The lines below, from the one containing "NEW DELHI: Seorang" through the one containing "Archiwum / Teatr", should be set down exactly, with no pictures and nothing else.

Dataset content –
============================================================
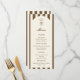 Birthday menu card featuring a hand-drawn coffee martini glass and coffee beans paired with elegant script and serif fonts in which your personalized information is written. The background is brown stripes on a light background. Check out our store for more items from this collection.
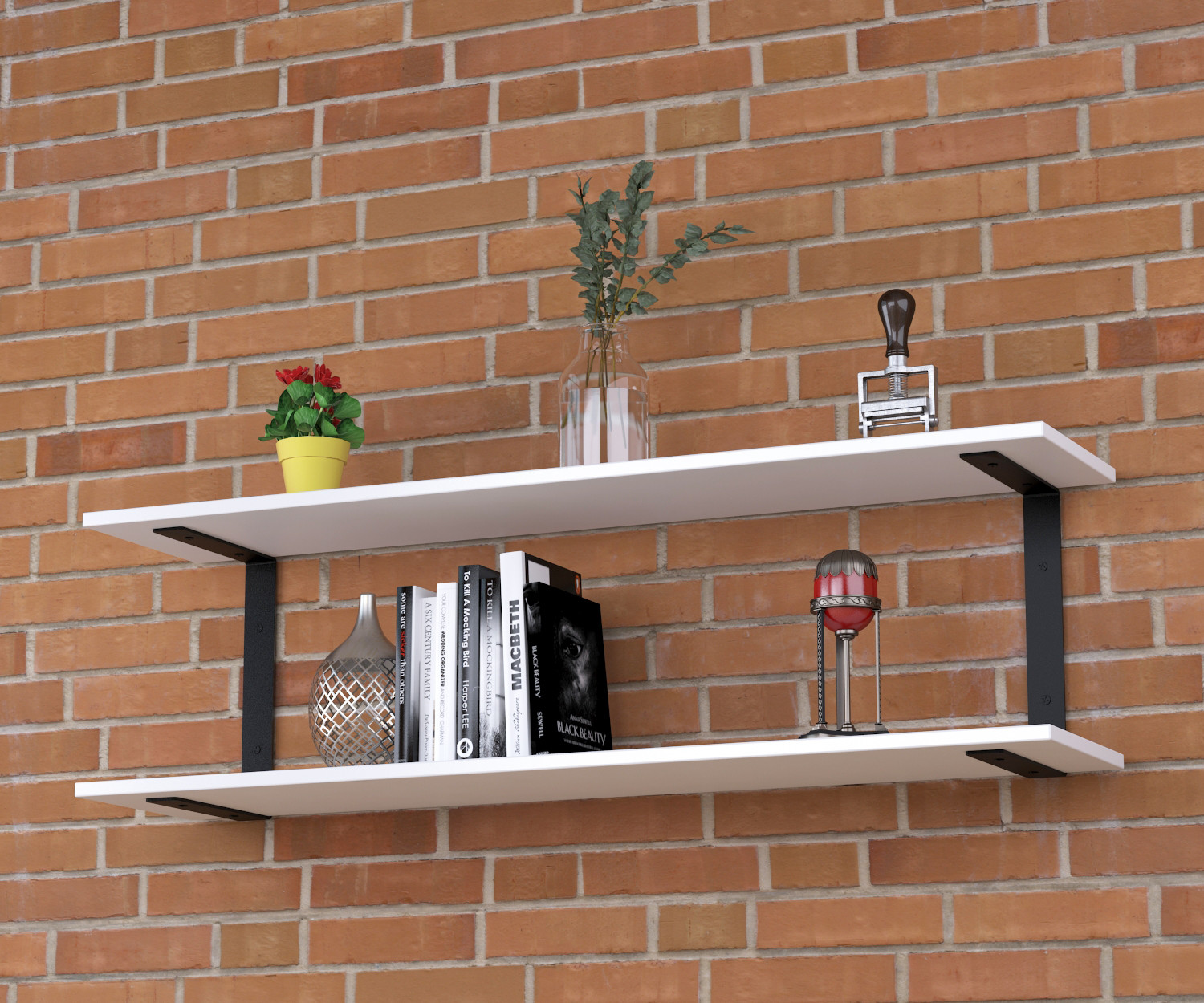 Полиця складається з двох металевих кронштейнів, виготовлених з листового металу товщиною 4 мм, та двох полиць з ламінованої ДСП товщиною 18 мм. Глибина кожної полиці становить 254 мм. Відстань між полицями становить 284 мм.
============================================================
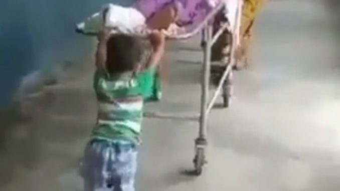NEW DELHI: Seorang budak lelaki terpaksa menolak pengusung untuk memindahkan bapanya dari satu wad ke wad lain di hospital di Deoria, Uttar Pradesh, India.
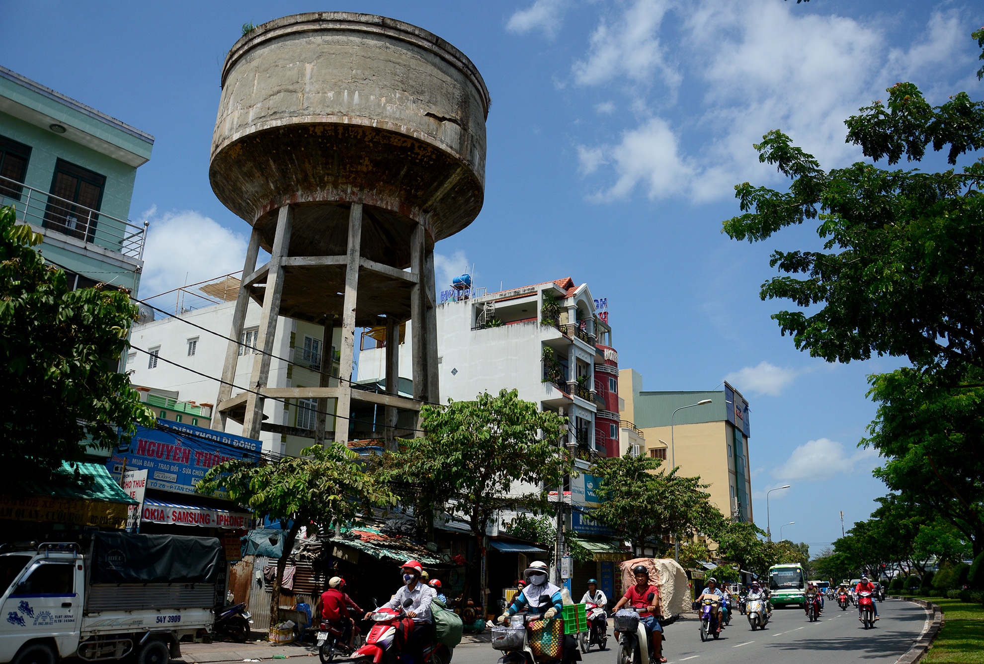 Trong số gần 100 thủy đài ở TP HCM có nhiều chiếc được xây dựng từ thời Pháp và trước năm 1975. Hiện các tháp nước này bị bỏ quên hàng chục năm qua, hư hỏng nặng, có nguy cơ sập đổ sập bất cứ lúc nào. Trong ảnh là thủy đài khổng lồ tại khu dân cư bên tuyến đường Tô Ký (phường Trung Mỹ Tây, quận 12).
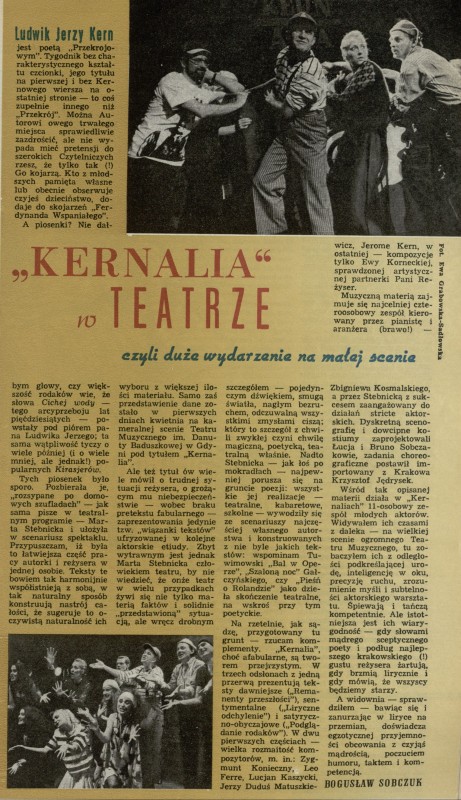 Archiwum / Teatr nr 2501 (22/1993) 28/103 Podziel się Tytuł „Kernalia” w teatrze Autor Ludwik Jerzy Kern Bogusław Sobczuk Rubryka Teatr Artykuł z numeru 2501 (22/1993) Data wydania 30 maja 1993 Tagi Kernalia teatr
============================================================
Answer box –
NEW DELHI: Seorang budak lelaki terpaksa menolak pengusung untuk memindahkan bapanya dari satu wad ke wad lain di hospital di Deoria, Uttar Pradesh, India.
 Trong số gần 100 thủy đài ở TP HCM có nhiều chiếc được xây dựng từ thời Pháp và trước năm 1975. Hiện các tháp nước này bị bỏ quên hàng chục năm qua, hư hỏng nặng, có nguy cơ sập đổ sập bất cứ lúc nào. Trong ảnh là thủy đài khổng lồ tại khu dân cư bên tuyến đường Tô Ký (phường Trung Mỹ Tây, quận 12).
 Archiwum / Teatr nr 2501 (22/1993) 28/103 Podziel się Tytuł „Kernalia” w teatrze Autor Ludwik Jerzy Kern Bogusław Sobczuk Rubryka Teatr Artykuł z numeru 2501 (22/1993) Data wydania 30 maja 1993 Tagi Kernalia teatr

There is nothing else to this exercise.